On physical examination, his vital signs were stable. Cutaneous examination revealed a diffuse purpuric rash involving the trunk and extremities (Figure 1).
Diffuse purpuric rash
Laboratory evaluation was notable for isolated severe thrombocytopenia, with a platelet count of 4,000 cells/μL (Table 1). He received two units of platelet transfusions and was started on high-dose dexamethasone. Hematology consultation recommended initiation of intravenous immunoglobulin (IVIG) alongside corticosteroids. A comprehensive workup - including evaluation for infectious etiologies such as malaria, bacteremia, and viral infections like Epstein-Barr virus (EBV) and cytomegalovirus (CMV), as well as liver disease, thrombotic microangiopathies (TTP/HUS), and autoimmune conditions - was unremarkable.
Subsequently, his family provided the supplement he had ingested, identified as "Rhino 69 Platinum 1000," an over-the-counter sexual enhancement product. According to the US Food and Drug Administration (FDA) website, this supplement is known to contain undeclared sildenafil. The patient confirmed multiple uses of this product over the preceding two weeks.
Following two days of IVIG and corticosteroid therapy, his platelet count improved significantly to 66 × 10³ cells/μL. He was discharged on a tapering course of dexamethasone and was monitored regularly in the outpatient clinic over the subsequent year. During this follow-up period, his platelet counts remained within normal limits without recurrence of thrombocytopenia or bleeding symptoms.

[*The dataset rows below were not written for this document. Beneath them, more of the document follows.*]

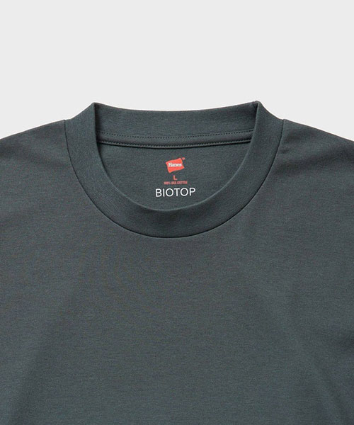 ネック裏部分はHanesとBIOTOPのダブルネーム仕様でさりげない特別感を演出。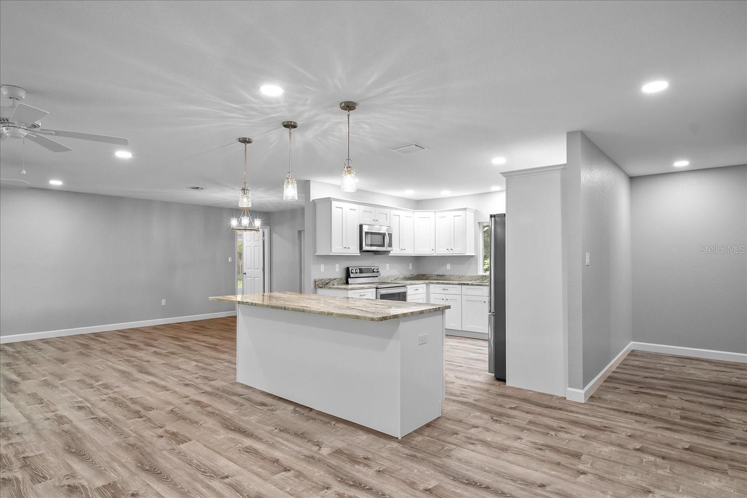 Nestled under a canopy of majestic oaks is a newly remodeled 3 bedroom x 2 bath home on 50 beautiful acres. A walking path from the back porch wanders under the oak Hammock to a covered barbecue picnic area for entertaining your guests. The equestrian enthusiasts would also appreciate the 5-horse stables with tack room. The fenced 50 acres is planted in high quality Bermuda pastures that your horses will enjoy. New stainless steel appliances and fixtures are in the kitchen and bathrooms. Everything in the house is move in ready new!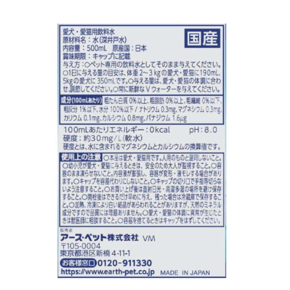 アース・ペット ペットの天然水Vウォーター500ml 水分補給 栄養補助 ペットのドリンク 3140074001【別送品】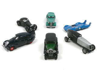 miniatures reproduisant les modèles : RENAULT ETOILE FILANTE, PEUGEOT 402 ANDREAU, DELAGE coupé, BERLIET DAUPHINE, HOTCHKISS AM2 1930 & RENAULT 40CV 1925 - on y retrouve notamment les marques : ELYSEE & CLASSIQUES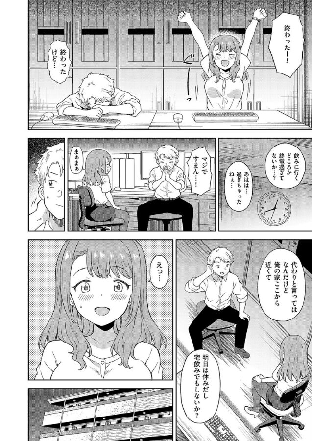 片想い中の同期OL・春日野に飲みに行こうと誘われるも、業務がまだまだ残っていた主人公・本橋。春日野は二人でチャチャっと終わらせようと言ってくれたが、終わった頃には終電もなくなっていて…。代わりに本橋の家で宅飲みをすることになるも、春日野は早々に酔い潰れてしまう。隙だらけになっている春日野への煩悩を断つべく、風呂場で性欲を自己処理していると、そこに裸の春日野がやってきてーー!?イチャラブの俊才・デコスケ先生が可愛さ満点★えちえちOLでデビュー♪

This presentation of new-onset severe thrombocytopenia (nadir < 20 × 10³ cells/μL) with mucocutaneous bleeding occurring approximately two weeks following exposure to a supplement containing sildenafil, in the absence of other identifiable causes, strongly supports a diagnosis of DITP. The sustained resolution of thrombocytopenia after cessation of the supplement further supports this diagnosis.
Discussion
DITP is an under-recognized clinical entity in which certain drugs or compounds - including herbal products, foods, and dietary supplements - induce thrombocytopenia by either inhibiting platelet production or promoting their peripheral destruction or clearance from the circulation [5]. Numerous agents have been implicated, including abciximab, carbamazepine, ceftriaxone, eptifibatide, heparin, ibuprofen, mirtazapine, oxaliplatin, penicillin, quinine, quinidine, rifampicin, trimethoprim-sulfamethoxazole, and vancomycin [2]. A curated list of implicated agents, based on case reports, is maintained at https://www.ouhsc.edu/platelets/ditp.html.
The pathophysiology of DITP involves drug-dependent antibodies that target platelet antigens, resulting in their destruction or accelerated clearance via the reticuloendothelial system [2]. Six mechanisms have been proposed to explain DITP [3]. The first involves hapten-dependent antibodies, where the drug acts as a hapten by covalently binding to platelet membrane proteins, thereby eliciting a drug-specific immune response. This mechanism is typically seen with agents such as penicillins and cephalosporins. The second mechanism describes drug-dependent antibodies, in which the antibodies bind to platelet membrane proteins only in the presence of the soluble drug itself. Examples include quinine, non-steroidal anti-inflammatory drugs (NSAIDs), and certain anticonvulsants. The third mechanism involves fiban-induced thrombocytopenia. In this case, drugs such as eptifibatide and tirofiban induce ligand-mediated conformational changes in glycoprotein IIb/IIIa receptors, which are then recognized by naturally occurring antibodies, leading to platelet destruction. The fourth proposed mechanism includes the formation of drug-specific antibodies that target murine components present in chimeric monoclonal antibodies, such as abciximab. The fifth mechanism is the induction of autoantibodies following drug exposure. These autoantibodies react with platelet antigens independently of the continued presence of the drug, as seen with medications like procainamide and gold compounds. Lastly, immune complex-mediated thrombocytopenia, as exemplified by heparin-induced thrombocytopenia (HIT), involves the formation of immune complexes. In this process, heparin binds to platelet factor 4, forming a complex against which antibodies are generated. These immune complexes then activate platelets via Fc receptors, leading to thrombocytopenia. Drug-dependent antibodies (DDAbs) are unusual immunoglobulins that exhibit specific binding to epitopes on platelet glycoproteins only in the presence of the sensitizing drug [3,6]. These may originate from a naturally occurring pool of weakly autoreactive antibodies that become pathologic upon drug exposure [7,8]. Typically, DDAbs emerge after one to two weeks of drug exposure and can also develop following intermittent or prolonged use [9].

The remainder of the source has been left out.